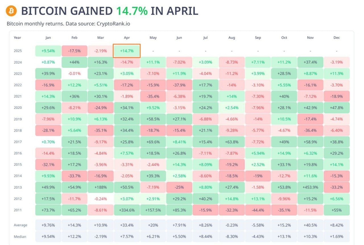 BTC завершил апрель ростом на 14.7% апрель 2024г он завершил падением на 14.7% #BTC #2025
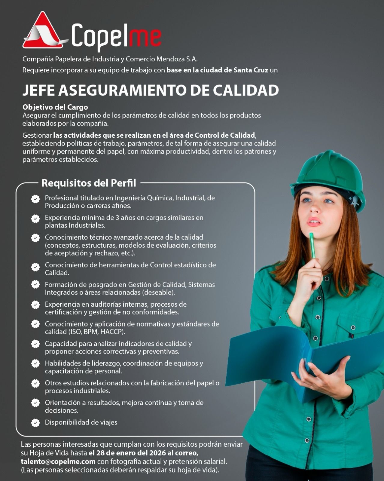 Envía tu CV con fotografía y pretensión salarial a talento@copelme.com
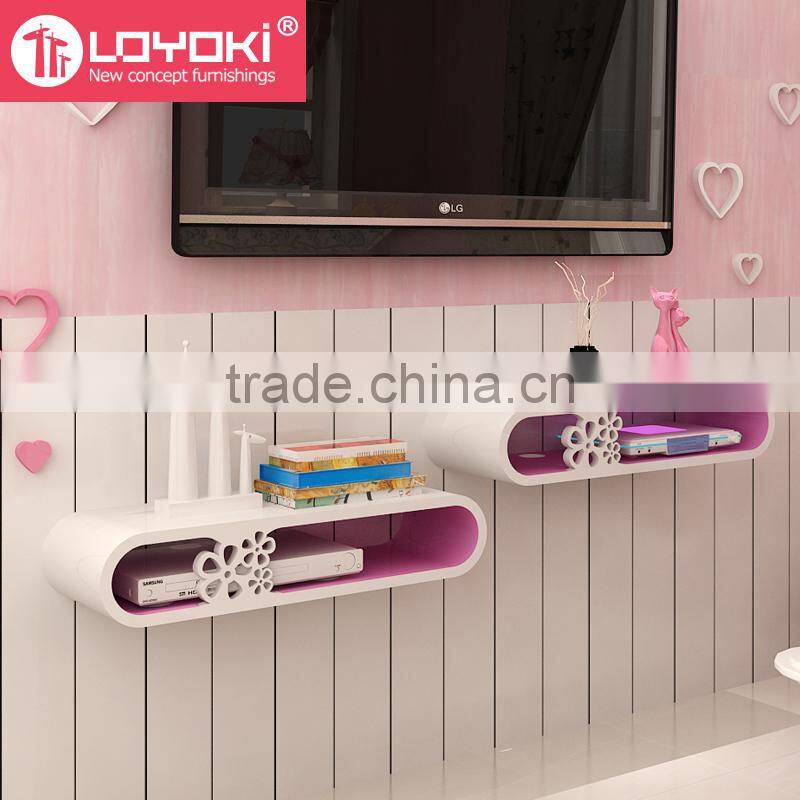 home furniture Wall Mounted Audio/Video Console new design MDF wood practical wall shelf with Carving flower TV console
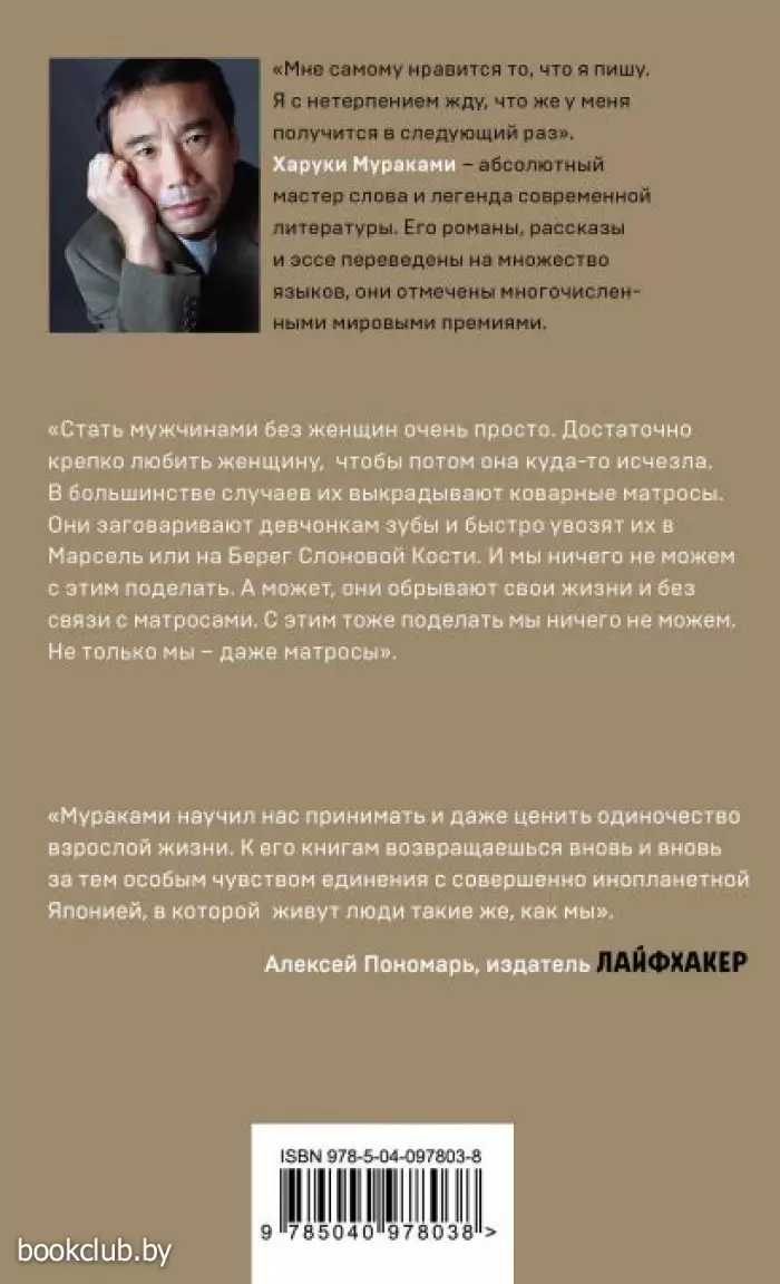 О книге: «Мужчины без женщин» — сборник новелл и эссе о людях разного возраста, социального положения, статуса, но объединенных одним общим мотивом: все они о мужчинах, оставшихся без женщин. Кого-то из них разлучила измена возлюбленной, кого-то — смерть любимой, кто-то остался один волею случая, а для кого-то это осознанный выбор. Легендарный мастер слова раскрывает непростые отношения между мужчинами и женщинами, которые тысячелетиями волнуют умы ученых, философов и писателей. Читателя, как всегда, ждет откровенный разговор о любви, о семье, о взаимоотношениях полов и об одиночестве.
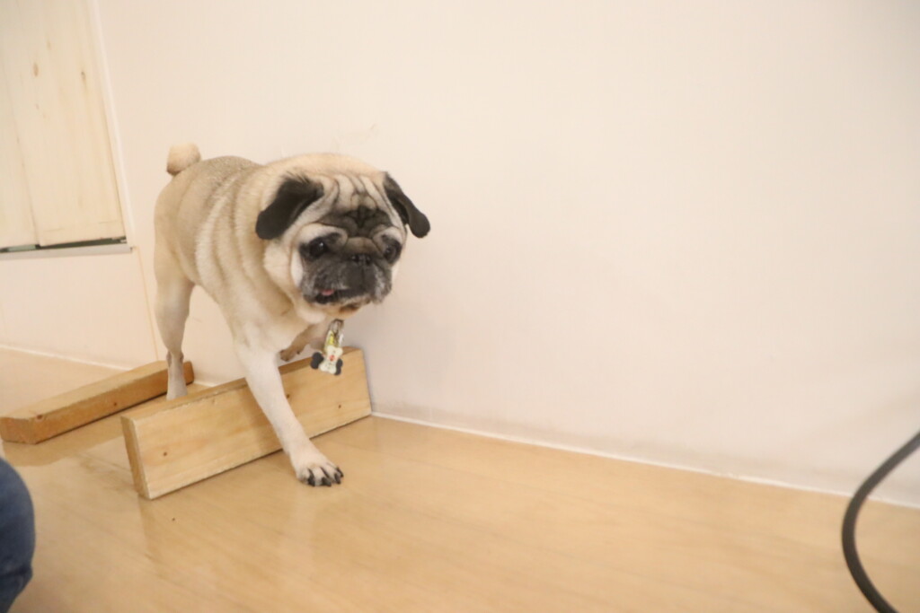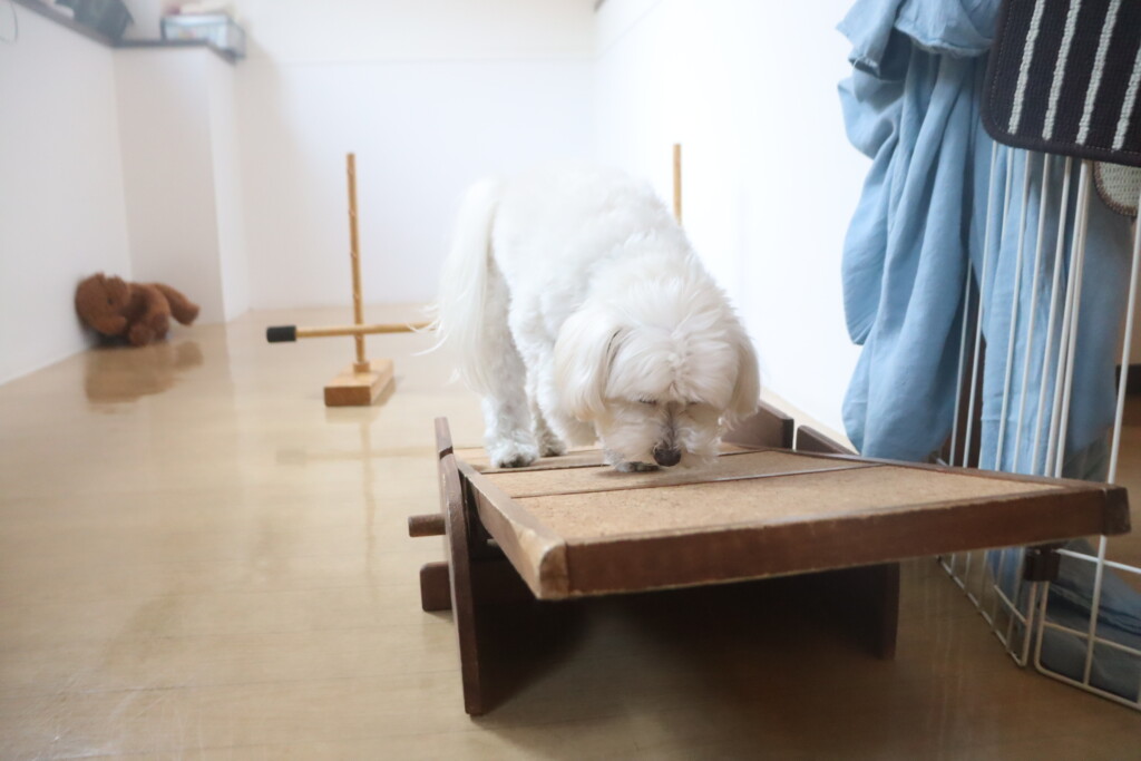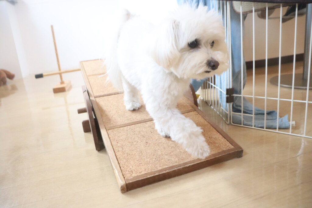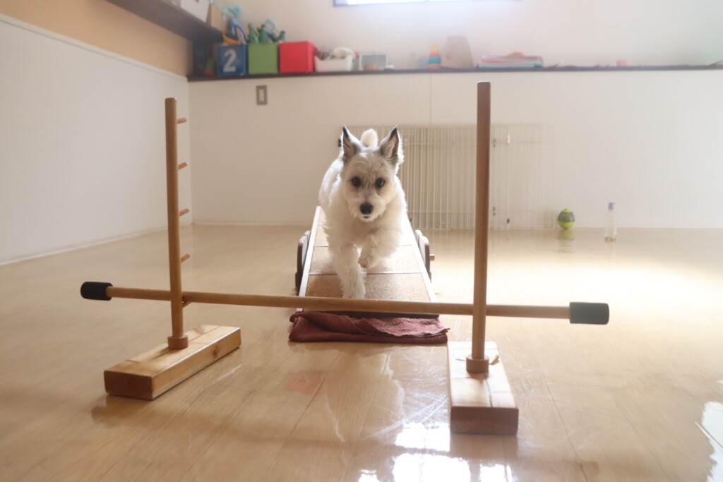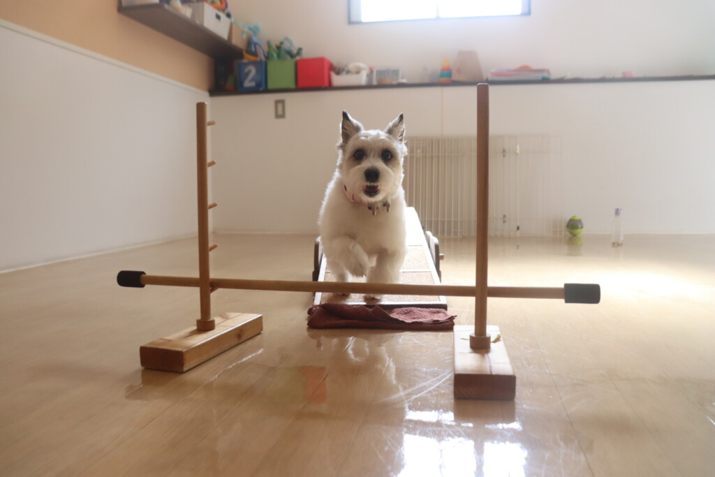 陽向くんはエリザベスカラーにだいぶ慣れてきたので、着用したままアスレチックに挑戦!
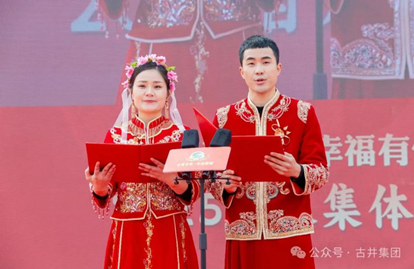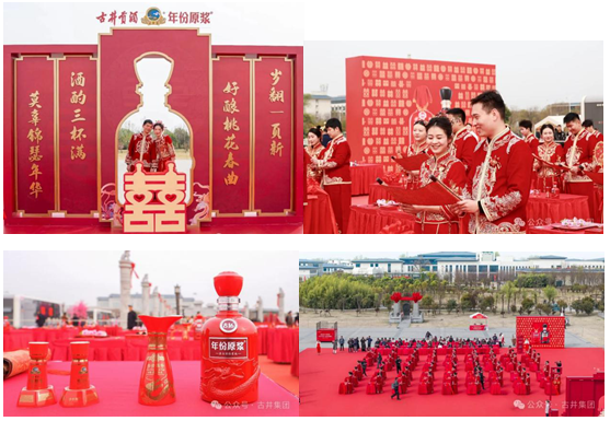来自古井集团的新人代表吴娜娜、樊帅分享恋爱故事:"我们因古井贡酒而结缘。从相识到相知,再到决定共度余生。我们的爱情,就像古井贡酒一样,经历了时间的沉淀,愈发珍贵。"
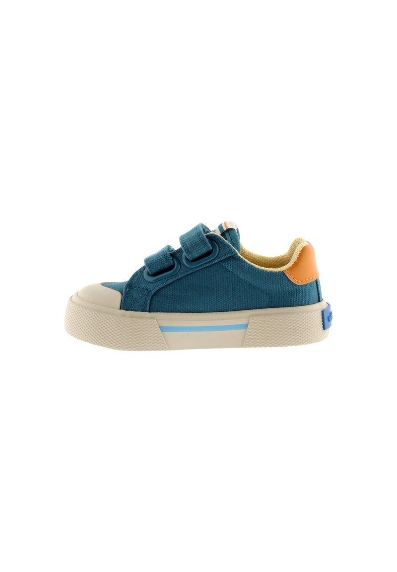 Baskets en toile bleu pour enfant avec semelle en caoutchouc beige, deux brides Velcro, un patch talon beige et une bande bleu clair sur la semelle.
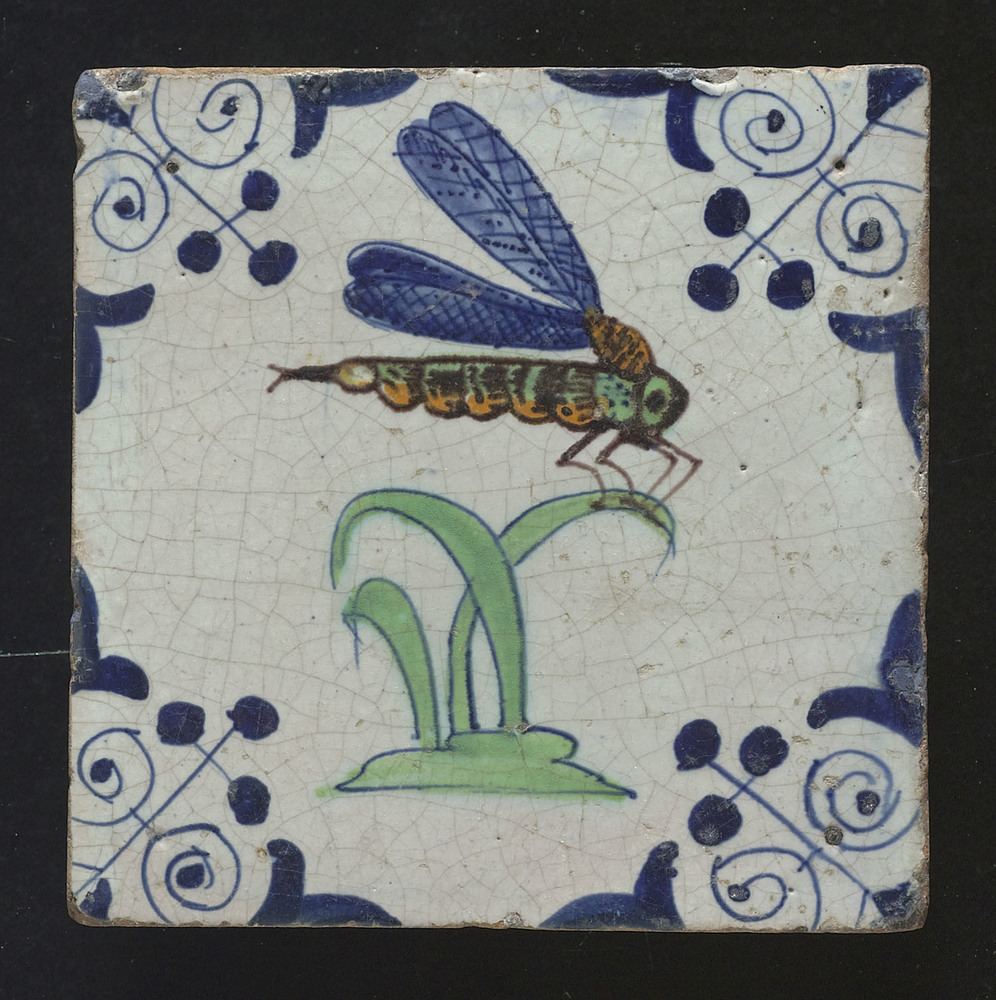 Tegel van keramiek, tinglazuur, voorstellende orname...
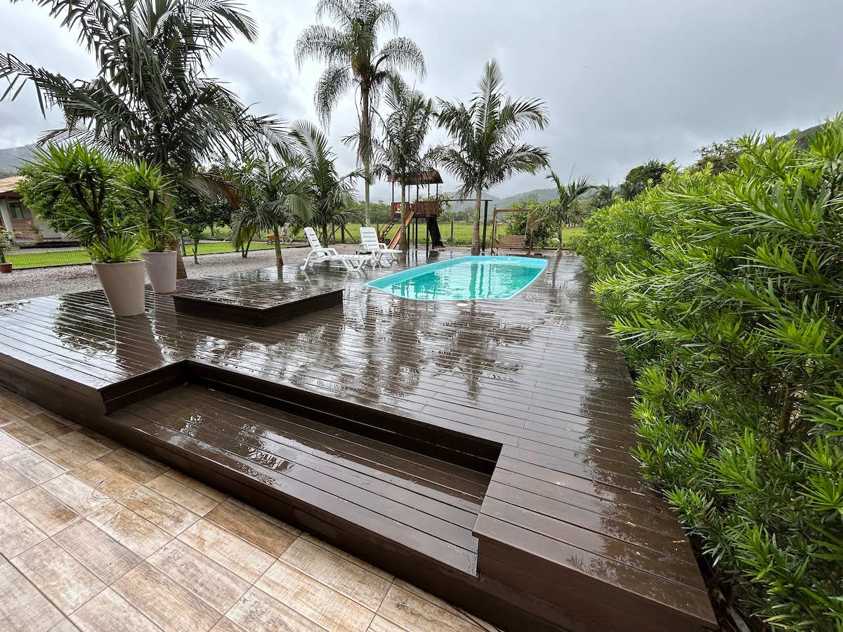 Casa de sítio espaçosa com 3 suítes (duas com cama queen e uma de casal), cozinha completa e sala com TV de 55’’. Quartos com ar-condicionado e varanda. A 20 minutos do centro, o local oferece paz e tranquilidade, cercado pela natureza. Relaxe com o som das cachoeiras particulares na propriedade, onde é possível tomar banho. Aproveite piscina, deck com churrasqueira e a horta disponível. Garagem coberta para dois carros e pátio grande para mais carros. Aprox. 1:30h de praias. Ideal para famílias
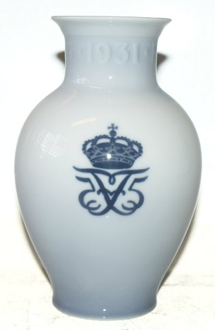 Royal Copenhagen (Rundskue) vase from 1931, Theme: Rider statue of the King Frederik V Factory first Height 17 cm. Excellent condition.
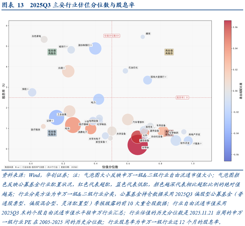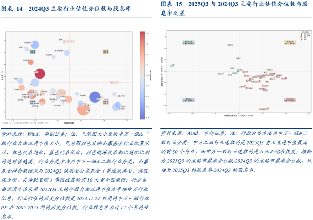 对比2024Q3和2025Q3的PE分位数以及股息率,可以发现过去一年A股主要申万二级行业估值普遍上升而股息率普遍下降。具体来看,33个行业中有25个行业的估值分位数上升,同时有27个行业的股息率下降,表明市场风险偏好提升,资金流向增长型行业,股价上涨导致股息率被动下降,反映了政策支持下的市场风险偏好抬升。仅有少数行业出现了价值修复,如证券Ⅱ、白酒Ⅱ、保险Ⅱ、白色家电和软件开发出现估值下降且股息率上升,配置性价比和安全边际提升。

· · ·

— PROMPT —
Before duplicating the entries above, strip out the pictures and keep the rest exact.

— SOLUTION FOR THIS EXERCISE —
 BTC завершил апрель ростом на 14.7% апрель 2024г он завершил падением на 14.7% #BTC #2025
 Envía tu CV con fotografía y pretensión salarial a talento@copelme.com
 home furniture Wall Mounted Audio/Video Console new design MDF wood practical wall shelf with Carving flower TV console
 О книге: «Мужчины без женщин» — сборник новелл и эссе о людях разного возраста, социального положения, статуса, но объединенных одним общим мотивом: все они о мужчинах, оставшихся без женщин. Кого-то из них разлучила измена возлюбленной, кого-то — смерть любимой, кто-то остался один волею случая, а для кого-то это осознанный выбор. Легендарный мастер слова раскрывает непростые отношения между мужчинами и женщинами, которые тысячелетиями волнуют умы ученых, философов и писателей. Читателя, как всегда, ждет откровенный разговор о любви, о семье, о взаимоотношениях полов и об одиночестве.
 陽向くんはエリザベスカラーにだいぶ慣れてきたので、着用したままアスレチックに挑戦!
来自古井集团的新人代表吴娜娜、樊帅分享恋爱故事:"我们因古井贡酒而结缘。从相识到相知,再到决定共度余生。我们的爱情,就像古井贡酒一样,经历了时间的沉淀,愈发珍贵。"
 Baskets en toile bleu pour enfant avec semelle en caoutchouc beige, deux brides Velcro, un patch talon beige et une bande bleu clair sur la semelle.
 Tegel van keramiek, tinglazuur, voorstellende orname...
 Casa de sítio espaçosa com 3 suítes (duas com cama queen e uma de casal), cozinha completa e sala com TV de 55’’. Quartos com ar-condicionado e varanda. A 20 minutos do centro, o local oferece paz e tranquilidade, cercado pela natureza. Relaxe com o som das cachoeiras particulares na propriedade, onde é possível tomar banho. Aproveite piscina, deck com churrasqueira e a horta disponível. Garagem coberta para dois carros e pátio grande para mais carros. Aprox. 1:30h de praias. Ideal para famílias
 Royal Copenhagen (Rundskue) vase from 1931, Theme: Rider statue of the King Frederik V Factory first Height 17 cm. Excellent condition.
 对比2024Q3和2025Q3的PE分位数以及股息率,可以发现过去一年A股主要申万二级行业估值普遍上升而股息率普遍下降。具体来看,33个行业中有25个行业的估值分位数上升,同时有27个行业的股息率下降,表明市场风险偏好提升,资金流向增长型行业,股价上涨导致股息率被动下降,反映了政策支持下的市场风险偏好抬升。仅有少数行业出现了价值修复,如证券Ⅱ、白酒Ⅱ、保险Ⅱ、白色家电和软件开发出现估值下降且股息率上升,配置性价比和安全边际提升。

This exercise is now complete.